Lecture 1,2,3 Flashcards
Four traits of Social Entrepreneurship
- Social market failure (reason for occurrence)
- Mission (the fundamental purpose)
- Resource and mobilisation (dif. approaches in managing human and financial resources, faced with more constraint)
- Performance measurement
The elements of entrepreneurship (PCDO framework)
- People and Resources
- Context
- Deal (different value transaction)
- Opportunity (desired future state)
Why is social entrepreneurship needed?
- Because traditional companies don’t solve the most urgent problems (sometimes they even cause or aggravate them)
- It seems some social entrepreneurs provide better solutions for some of the world’s most challenging problems than other actors
- Government-to-government aid doesn’t solve problems. Sometimes it might even cause them.

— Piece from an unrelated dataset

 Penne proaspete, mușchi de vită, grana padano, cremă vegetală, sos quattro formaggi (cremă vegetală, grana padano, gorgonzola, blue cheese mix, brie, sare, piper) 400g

- Because they increase the “adaptive efficiency” of societies
What is adaptive efficiency?
Adaptive efficiency, therefore, provides the incentives to encourage the development of decentralized decision-making processes that will allow societies to maximize the efforts required to explore alternative ways of solving problems
The three parts of adaptive efficiency
- Decentralised innovation
- Experimentation
- Problem solving
What is social entrepreneurship?
Social entrepreneurs play the role of change agents in the social sector, by:
- Adopting a mission to create and sustain social value (not just private value)

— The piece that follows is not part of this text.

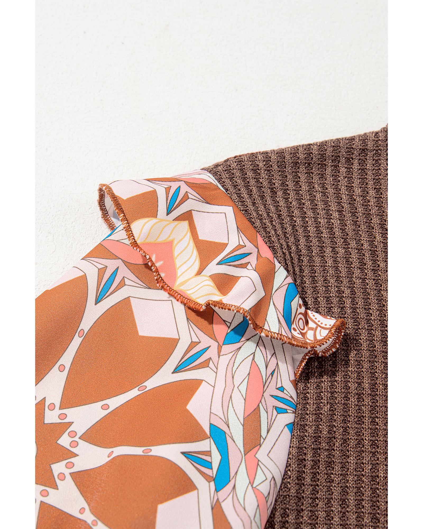 Coffee Ruffled Floral Sleeve Patchwork Waffle Knit O Neck Blouse – M

- Recognising and relentlessly pursuing new opportunities to serve that mission
- Engaging in a process of continuous innovation, adaptation and learning
- Acting boldly without being limited by resources currently in hand
- Exhibiting heightened accountability to the constituencies served and for the outcomes created
Social entrepreneurs…
- Put mission over profits
- Mitigate or solve societal problems
- Build business models that address the root cause of a problem
- Implement business models changing the system
- Act entrepreneurial
- Develop innovative or new approaches
Key takeaways from the Mosan lecture
- Co-creation: Work closely with the people to really understand their needs
- System: Often a new product is not only a product but what is needed in a system
- Behavioural change
- Solutions don’t work in all contexts
- You don’t need to be the founder to have an impact
- Networks and contacts are important
Theory of change is…
a comprehensive description and illustration of how and why a desired change is expected to happen in a particular context. It is focused in particular on mapping out or “filling in” what has been described as the “missing middle” between what a program or change initiative does (its activities or interventions) and how these lead to desired goals being achieved. It does this by first identifying the desired long-term goals and then works back from these to identify all the conditions (outcomes) that must be in place (and how these related to one another causally) for the goals to occur.